Over the last couple of years, we have been less than complimentary about ITV’s football coverage. However, I’m not one to bear a grudge, and I’m now quietly optimistic that it might be set to improve. Whisper this quietly, but… I’m starting to think that they might have put someone that cares in charge of their football coverage. The first signs of this recovery came in the new year, with the frankly genius idea to repeat editions of “The Big Match” from 1983 on Thursday afternoons and Sunday mornings. John Bourn, whose website about regional football on ITV was started, in his own words, “a spur to ITV to make more use of their massive football archive”, could finally rest easy in his bed at night.

Then, over the summer, their coverage of Euro 2008 was better than expected whilst the BBC’s was worse. It would be something of a leap of faith to say that it was better, but their half-time analysts at least tried to discuss the football rather than try to out-shout each other, and they didn’t repeat the mistake of cutting to adverts over the top of national anthems, like they did at the 2006 World Cup. If they can offer a little more intelligent analysis of the Champions League and steer clear of the patriotic nonsense (which offends many, many people, whilst offering little to the viewing experience of people that do like that sort of thing), they might just have turned a corner. ITV’s Lindsay Charlton had this to say:

“For the first time in the history of the FA Cup, dozens of preliminary and qualifying round matches will be captured on camera, thanks to ITV Local. What makes the FA Cup exciting is when small clubs manage to smash their way through from the early rounds to face Premier League giants. With a little luck ITV Local will be able to follow some of this year’s giant killers all the way.”
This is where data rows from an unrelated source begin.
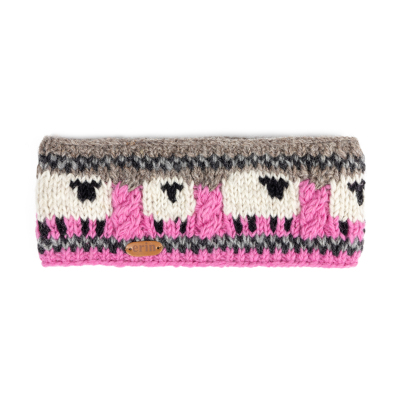 Knitted Sheep Headband with Aran Cable Band Pink and Grey PK1900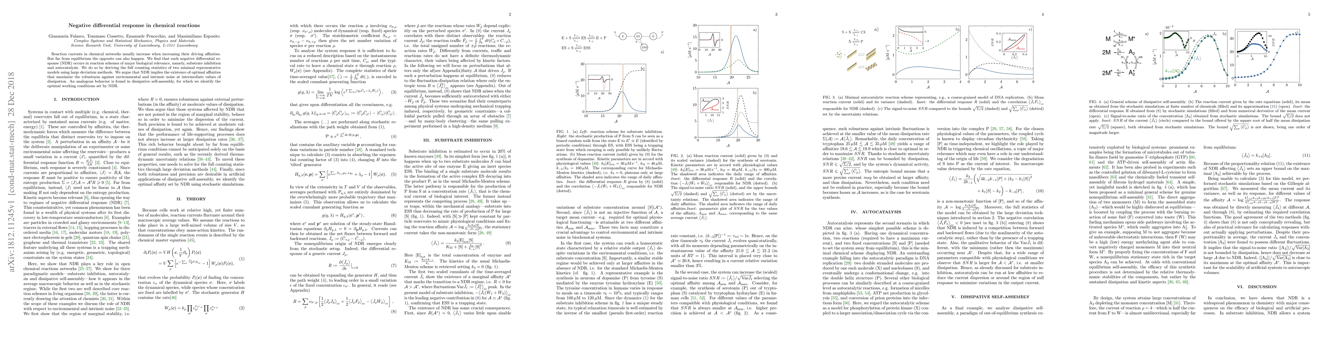 Reaction currents in chemical networks usually increase when increasing their driving affinities. But far from equilibrium the opposite can also happen. We find that such negative differential response (NDR) occurs in reaction schemes of major biological relevance, namely, substrate inhibition and autocatalysis. We do so by deriving the full counting statistics of two minimal representative models using large deviation methods. We argue that NDR implies the existence of optimal affinities that maximize the robustness against environmental and intrinsic noise at intermediate values of dissipation. An analogous behavior is found in dissipative self-assembly, for which we identify the optimal working conditions set by NDR.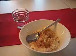The Finnish breakfast traditionally includes a substantial portion of porridge. Rolled oats, rye or multi-grain porridge are most common. However, there are other options such as the milk-based mannapuuro (semolina-milk porridge) and helmipuuro (starch grain-milk porridge). Porridges are often eaten with milk, sugar, butter or berry kiisseli. The Christmas season introduces milk-based rice porridge (riisipuuro), sprinkled with cinnamon and sugar and often topped with prune kiisseli (luumukiisseli). There is also a semolina-based porridge flavored with fresh or frozen lingonberries called vispipuuro ("beaten porridge").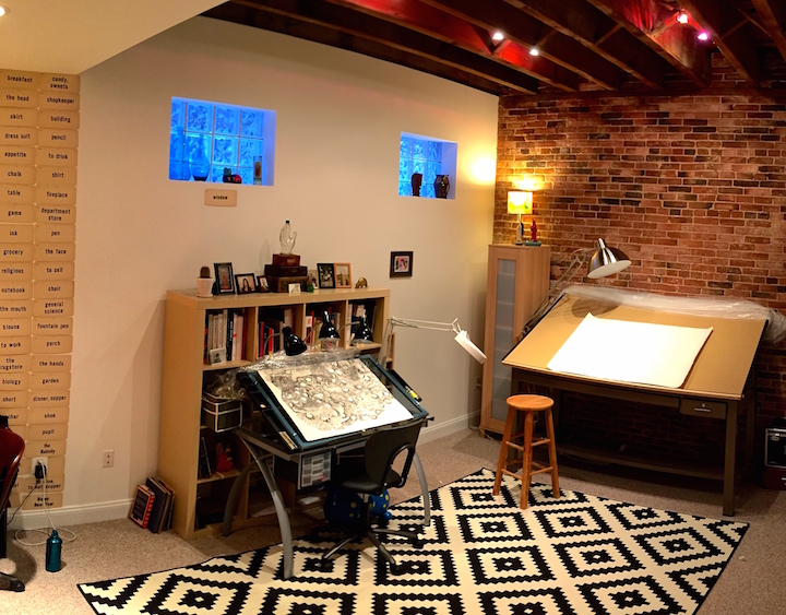 I literally lived in my studio until I moved a couple months ago. Now I sleep and eat in different parts of the house but still spend 80% of my time in my private space. My studio isn’t solely for my practice as a visual artist. I have all my gear for making electronic music and turntable down here…and I do mundane things like send emails, pay bills, and buy records from Discogs. Actually, I guess I still do live in my studio. What can I say? Old habits die hard. I think I need to be close to my work because, when I take breaks from life, I can either work or just spend time with my pieces; figure out the next plan of attack or put my ‘In Session’ sign on the door and kick out the jams for seven hours.

It goes without saying that this is A Good Thing. Of course, there are pitfalls that ITV have to avoid with their FA Cup coverage. They need to try, where possible, to steer clear from cliche and one would hope that they will have learnt from the BBC’s horrific mistake of last year, when they managed to miss the story of the Third Round in the form of the match between Havant & Waterlooville and Swansea City in favour of a snore-a-thon between Manchester City and West Ham United. What I would say is this: the world’s oldest cup competition is still a delicate flower to behold, especially in the face of the all-conquering power of the Premier League and the Champions League. ITV’s recent announcements have made me somewhat happier that they will be able to look after it.